Solusi Sosial: Pemerintah daerah perlu membangun pusat rehabilitasi sosial dan pelatihan kerja bagi para manusia silver dan peminta-minta jalanan. Pendekatan harus humanis, bukan represif.

Pendataan harus valid untuk intervensi yang tepat sasaran.

Solusi Ekonomi: Diperlukan penyediaan lapangan kerja berbasis kearifan lokal, pelatihan keterampilan, serta dukungan nyata untuk UMKM yang bisa diakses oleh warga marjinal.

Anggaran sosial harus untuk manusia, bukan sekadar proyek.

Solusi Politik: Kebijakan publik harus berpihak pada rakyat kecil. Paradigma pembangunan harus direvisi—tak cukup membangun infrastruktur fisik tanpa membangun manusia.

Pemimpin harus turun ke jalan, bukan hanya saat kampanye, tapi untuk mendengar denyut derita rakyat.

Solusi Agama: Dalam pandangan Islam dan agama-agama lain, manusia adalah makhluk yang mulia. Rasulullah SAW bersabda, “Tangan di atas lebih baik daripada tangan di bawah.”

Tapi bagaimana mereka bisa mengangkat tangan jika pundaknya penuh luka? Ulama dan tokoh agama perlu hadir dalam pendidikan kesadaran—baik kepada para manusia silver agar tak mengeksploitasi tubuhnya, maupun kepada masyarakat agar memberi secara bijak, bukan sekadar iba.

Menutup Luka dengan Cinta dan Kebijakan yang Adil

Jangan biarkan kota-kota kita menjadi panggung luka tanpa suara. Jangan biarkan tubuh mungil ditutupi cat demi sesuap nasi.

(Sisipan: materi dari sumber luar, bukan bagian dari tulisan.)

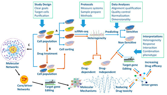 Single-cell RNA sequencing application in drug-response prediction. Targeted cell populations are selected from human organs/tissues and then one type of cell population can be sorted. Drug-dependent gene mutations and drug specificity of targeted genes can be defined after selected cells are treated with drugs (B, brown arrows). On the other hand, gene sequences and epigenetics of selected cells can be measured before the cell sorting (C, black arrows) to compare the cell population with single-cell sequences. Molecular mechanisms, drug efficacy, and toxicity of identified core/driver genes and networks can be validated by editing target genes. Reprinted with permission from ref. [157]. Copyright 2017 SpringerLink.
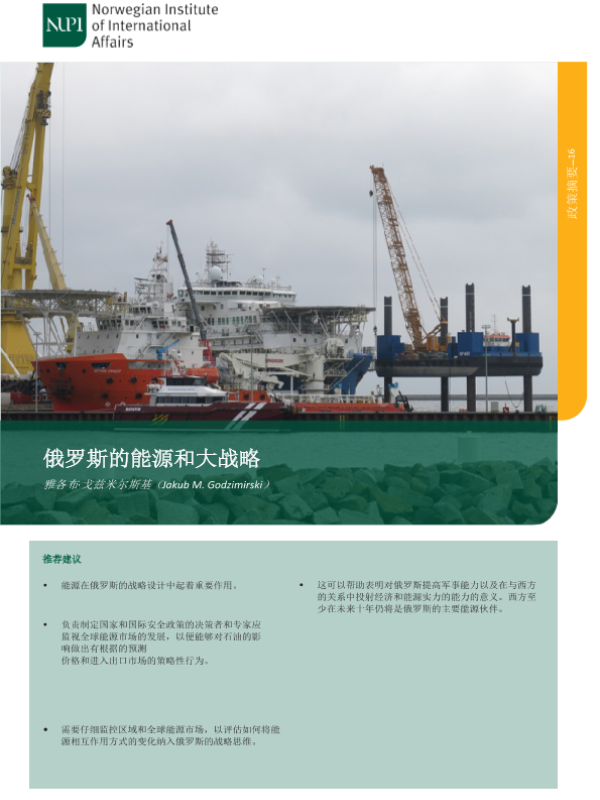 【挪威国际事务学院】【2020】俄罗斯的能源和大战略-4页 行业研究

Negeri ini punya cukup sumber daya untuk mengangkat mereka dari debu—asal kita mau berbagi, bukan sekadar memberi. Asal kita mau membangun manusia, bukan hanya menertibkan jalanan.

Jalanan tak boleh menjadi kantor terakhir. Tubuh tak boleh menjadi alat pertunjukan derita. Kita butuh kebijakan yang adil, masyarakat yang sadar, dan nurani yang tak buta.

Dan kepada para manusia silver itu, izinkan kami berjanji: suatu hari, tubuhmu tak perlu lagi dicat agar terlihat. Karena negeri ini akhirnya benar-benar melihatmu.